# Arbeitsvolumen voll



## Andre267 (9. November 2013)

*[Erledigt] Arbeitsvolumen voll*

Schönen guten Tag,

ich habe derzeit das Problem, das mein Arbeitsvolumen von Photoshop voll ist und ich nicht weiß wo das liegt und auch so kaum was frei machen kann.
Photoshop starten kann ich ja auch nicht mehr gerade weil das Volumen voll ist...
Kann mir jemand verraten was ich da machen kann?


----------



## sheel (9. November 2013)

Hi

wie voll sind RAM und Festplatte (die Partition, wo PS installiert ist)?


----------



## Andre267 (9. November 2013)

Von 8GB Ram sind 2,50 ständig ausgelastet.
Die Partition wo PS installiert ist hat noch 82GB von 371GB.
Ich habe glaube ich die Patiton wo PS die Auslagerungsdateien hin geschrieben hat eingeschränkt in dem ich gestern oder vorgestern die Auslagerungsdateien von Windows noch da hin gemacht habe.
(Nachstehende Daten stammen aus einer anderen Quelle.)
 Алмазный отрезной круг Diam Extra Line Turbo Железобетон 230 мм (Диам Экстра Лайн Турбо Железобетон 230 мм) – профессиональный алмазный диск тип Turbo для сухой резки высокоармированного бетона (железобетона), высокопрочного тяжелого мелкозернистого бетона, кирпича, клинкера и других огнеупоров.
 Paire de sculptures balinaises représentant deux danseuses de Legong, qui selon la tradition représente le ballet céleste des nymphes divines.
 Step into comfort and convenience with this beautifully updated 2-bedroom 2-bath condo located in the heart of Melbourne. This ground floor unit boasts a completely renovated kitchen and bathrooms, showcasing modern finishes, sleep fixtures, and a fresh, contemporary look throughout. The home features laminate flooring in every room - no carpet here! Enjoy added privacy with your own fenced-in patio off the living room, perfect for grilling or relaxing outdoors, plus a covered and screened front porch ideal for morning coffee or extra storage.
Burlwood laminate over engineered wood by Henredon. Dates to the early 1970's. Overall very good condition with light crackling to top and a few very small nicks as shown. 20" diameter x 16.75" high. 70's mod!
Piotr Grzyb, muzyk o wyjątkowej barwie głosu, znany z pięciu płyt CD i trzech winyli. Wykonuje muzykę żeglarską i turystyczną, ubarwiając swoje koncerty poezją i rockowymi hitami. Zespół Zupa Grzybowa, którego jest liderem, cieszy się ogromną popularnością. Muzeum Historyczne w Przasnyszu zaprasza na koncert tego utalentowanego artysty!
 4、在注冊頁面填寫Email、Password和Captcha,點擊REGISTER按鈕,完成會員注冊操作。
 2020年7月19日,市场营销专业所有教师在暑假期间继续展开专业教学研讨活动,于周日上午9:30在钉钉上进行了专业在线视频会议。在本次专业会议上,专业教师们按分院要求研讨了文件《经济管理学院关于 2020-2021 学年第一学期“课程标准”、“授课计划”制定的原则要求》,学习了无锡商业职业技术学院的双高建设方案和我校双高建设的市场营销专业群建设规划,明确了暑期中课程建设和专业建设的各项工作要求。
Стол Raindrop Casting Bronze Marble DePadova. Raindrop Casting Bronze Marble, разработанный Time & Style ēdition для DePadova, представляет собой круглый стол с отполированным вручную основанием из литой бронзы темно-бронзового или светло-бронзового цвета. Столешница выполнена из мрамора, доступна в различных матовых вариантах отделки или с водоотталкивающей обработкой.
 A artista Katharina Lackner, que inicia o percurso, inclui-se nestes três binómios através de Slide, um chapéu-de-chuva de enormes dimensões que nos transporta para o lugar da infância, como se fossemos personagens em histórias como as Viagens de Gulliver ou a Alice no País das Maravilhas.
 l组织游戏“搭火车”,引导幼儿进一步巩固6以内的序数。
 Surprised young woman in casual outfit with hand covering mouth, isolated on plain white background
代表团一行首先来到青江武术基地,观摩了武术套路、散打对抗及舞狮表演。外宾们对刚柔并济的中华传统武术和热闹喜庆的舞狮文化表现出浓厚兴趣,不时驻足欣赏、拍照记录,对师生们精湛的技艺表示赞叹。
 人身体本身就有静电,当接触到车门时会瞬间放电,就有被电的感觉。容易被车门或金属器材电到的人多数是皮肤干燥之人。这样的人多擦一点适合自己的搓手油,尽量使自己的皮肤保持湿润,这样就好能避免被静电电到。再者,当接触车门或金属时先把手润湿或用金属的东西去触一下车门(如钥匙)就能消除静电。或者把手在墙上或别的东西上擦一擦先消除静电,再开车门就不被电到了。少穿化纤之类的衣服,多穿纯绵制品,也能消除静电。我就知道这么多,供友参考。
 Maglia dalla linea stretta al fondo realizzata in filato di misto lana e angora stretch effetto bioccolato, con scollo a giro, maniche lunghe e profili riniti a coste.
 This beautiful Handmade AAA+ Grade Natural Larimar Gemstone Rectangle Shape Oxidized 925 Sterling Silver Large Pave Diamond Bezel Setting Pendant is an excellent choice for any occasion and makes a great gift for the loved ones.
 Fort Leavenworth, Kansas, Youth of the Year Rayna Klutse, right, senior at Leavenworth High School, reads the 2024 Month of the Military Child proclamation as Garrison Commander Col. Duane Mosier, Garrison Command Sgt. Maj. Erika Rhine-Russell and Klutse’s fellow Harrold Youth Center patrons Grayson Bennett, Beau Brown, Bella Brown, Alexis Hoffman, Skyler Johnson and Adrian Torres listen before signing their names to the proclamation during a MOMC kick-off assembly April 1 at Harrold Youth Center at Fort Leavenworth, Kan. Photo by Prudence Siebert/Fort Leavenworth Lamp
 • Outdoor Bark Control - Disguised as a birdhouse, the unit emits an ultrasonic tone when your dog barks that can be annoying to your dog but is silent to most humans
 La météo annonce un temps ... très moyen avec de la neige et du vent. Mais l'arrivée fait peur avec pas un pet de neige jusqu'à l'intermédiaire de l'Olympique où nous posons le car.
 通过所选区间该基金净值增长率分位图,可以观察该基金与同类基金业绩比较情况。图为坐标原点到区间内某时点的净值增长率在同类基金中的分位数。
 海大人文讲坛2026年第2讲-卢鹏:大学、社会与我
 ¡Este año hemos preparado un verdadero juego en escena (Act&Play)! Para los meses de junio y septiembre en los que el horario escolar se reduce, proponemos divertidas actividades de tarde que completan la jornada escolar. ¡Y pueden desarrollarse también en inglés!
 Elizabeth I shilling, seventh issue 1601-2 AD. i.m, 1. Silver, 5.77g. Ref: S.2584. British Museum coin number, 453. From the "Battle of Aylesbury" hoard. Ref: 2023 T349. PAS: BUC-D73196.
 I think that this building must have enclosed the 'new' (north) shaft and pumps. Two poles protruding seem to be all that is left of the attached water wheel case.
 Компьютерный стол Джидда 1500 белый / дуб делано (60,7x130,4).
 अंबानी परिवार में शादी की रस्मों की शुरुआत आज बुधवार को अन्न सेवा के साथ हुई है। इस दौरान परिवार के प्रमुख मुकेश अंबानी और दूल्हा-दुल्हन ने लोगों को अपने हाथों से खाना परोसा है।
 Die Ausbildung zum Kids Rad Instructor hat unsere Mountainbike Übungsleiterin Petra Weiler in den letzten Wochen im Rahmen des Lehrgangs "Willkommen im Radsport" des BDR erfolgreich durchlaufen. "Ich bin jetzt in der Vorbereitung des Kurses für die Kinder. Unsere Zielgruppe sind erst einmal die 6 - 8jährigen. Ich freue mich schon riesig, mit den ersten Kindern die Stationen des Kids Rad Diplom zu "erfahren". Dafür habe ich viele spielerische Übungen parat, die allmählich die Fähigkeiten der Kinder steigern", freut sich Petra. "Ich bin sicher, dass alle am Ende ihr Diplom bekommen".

Das habe ich auch mal zur Probe wieder rückgängig gemacht, aber es wollte nicht gehen. (selbe Meldung wie ehh und je)...


----------



## Sneer (9. November 2013)

Du kannst im Taskmanager mal nach der Datei "dllhost.exe" in den Prozessen suchen und beenden, falls sie auffallend viel RAM verwendet. Oder einfach ein Frühjahrsputz machen  und die Festplatte aufräumen, defragmentieren, auf Fehler überprüfen, Systemstart-Programme prüfen etc.


----------



## Jan-Frederik Stieler (9. November 2013)

Hi,
in PS kannst du wenn das auftaucht und du z.B. nicht mehr abspeichern kannst auch über „Bearbeiten>Entleeren“ verschiedene zwischengespeicherte Bereiche von PS leeren. Hilft leider aber nur bedingt wenig da PS halt einen recht großen Speicher auf der Festplatte benötigt. Dein RAM wird wohl weniger das Problem sein.
Auch wenn du noch 82GB frei hast kann es ja sein das diese während PS läuft voll gefüllt werden.
Grundsätzlich sollte man wenn man oft und auch mit großen PS Daten arbeitet PS eine eigene Partition einrichten.

Viele Grüße


----------



## Andre267 (9. November 2013)

Hat sich erledigt...
Ich habe die Auslagerungsdateien von Windows noch mal aus gemacht die partition formatiert und zack es läuft wieder. 

Danke für eure Hilfe Jungs.
Ihr seit gute Menschen.


----------